* HOW TO COMPLETE THIS TASK: Output exactly the lines of the listing below that run from the line with "in 2007 | |" through the line with "E45 fast-acting spray". No pictures.

* RECORDS FOR THIS EXERCISE:
:::::

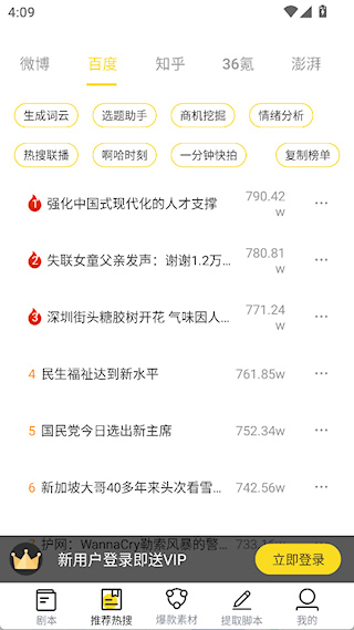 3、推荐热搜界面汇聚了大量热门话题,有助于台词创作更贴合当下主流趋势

:::::

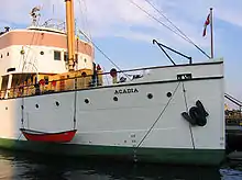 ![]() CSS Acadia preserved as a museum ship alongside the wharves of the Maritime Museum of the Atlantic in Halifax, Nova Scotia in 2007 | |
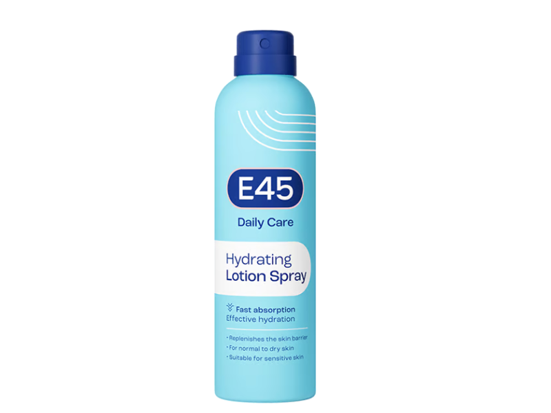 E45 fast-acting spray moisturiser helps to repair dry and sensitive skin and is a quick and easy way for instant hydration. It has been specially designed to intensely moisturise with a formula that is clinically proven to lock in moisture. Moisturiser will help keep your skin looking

:::::

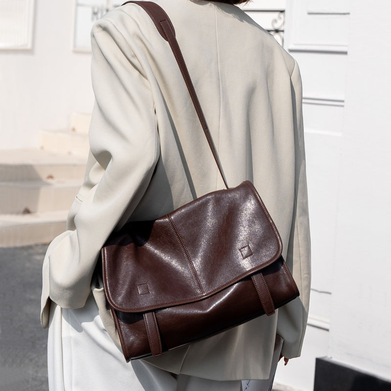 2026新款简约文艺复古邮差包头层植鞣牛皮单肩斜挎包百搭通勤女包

:::::

* WRITTEN REPLY:
 ![]() CSS Acadia preserved as a museum ship alongside the wharves of the Maritime Museum of the Atlantic in Halifax, Nova Scotia in 2007 | |
 E45 fast-acting spray moisturiser helps to repair dry and sensitive skin and is a quick and easy way for instant hydration. It has been specially designed to intensely moisturise with a formula that is clinically proven to lock in moisture. Moisturiser will help keep your skin looking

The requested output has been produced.